Capital-intensive states such as California, New York and Texas receive the most corporate welfare, while states such the South and Northeast have the least.
The most generous states are Texas and California, which together account for $2.7 trillion of federal corporate welfare and other federal tax breaks.
The least generous are Texas, New Jersey and Illinois, which each receive $1.7 billion.
A number of states, including New York, have reduced corporate welfare since the Reagan era.
Some have given back in recent years, but the percentage of state taxes paid has not increased, according to the Tax Policy Center, a Washington think tank.
The Tax Policy center said states with higher levels of corporate welfare generally do not have higher corporate tax rates, and the biggest state corporations have fewer jobs.
Texas is one of the most generous.
Capital gains tax: The federal government levies a corporate income tax on profits, capital gains and dividends of publicly traded corporations.

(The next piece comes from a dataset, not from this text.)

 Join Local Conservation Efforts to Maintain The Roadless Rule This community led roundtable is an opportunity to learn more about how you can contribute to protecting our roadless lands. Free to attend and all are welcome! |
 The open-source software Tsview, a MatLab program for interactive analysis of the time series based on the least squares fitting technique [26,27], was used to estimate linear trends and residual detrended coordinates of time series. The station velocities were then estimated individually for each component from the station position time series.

That money is used to pay for a variety of programs including infrastructure improvements and education, among other things.

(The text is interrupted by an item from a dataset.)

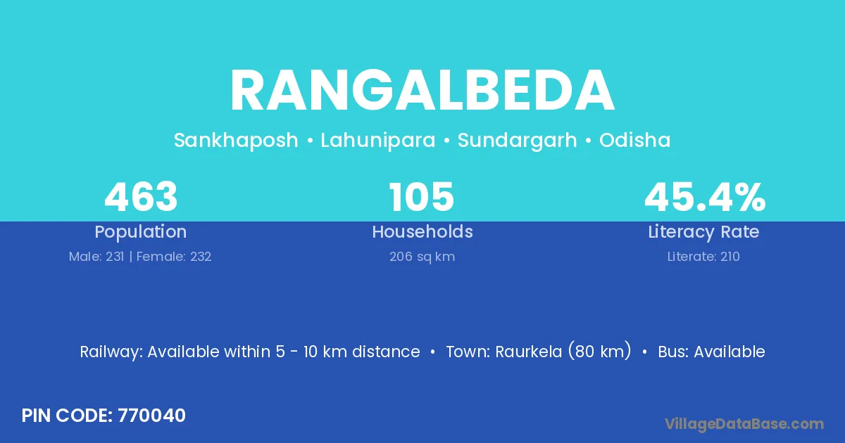 Raurkela (80 km) is the nearest town to Rangalbeda village for major economic activities and is located approximately 80 km away.

The tax is scheduled to expire at the end of the year, meaning the Trump administration has until the end March to reach an agreement on how to deal with it.
The biggest federal tax break for corporations is the deduction for state and local taxes.
The deduction allows corporations to deduct the federal income tax paid on income they make in a state that they have no presence in.
The state then gets the rest of the tax revenue from the federal tax, which helps balance the budget.
Companies often choose to move profits offshore, rather than paying federal taxes, so the amount of tax they owe is lower.
But the deduction doesn’t affect the amount companies have to pay on the federal payroll tax, and it doesn’t help pay for unemployment benefits, health insurance, the Earned Income Tax Credit and other tax breaks that the companies also receive.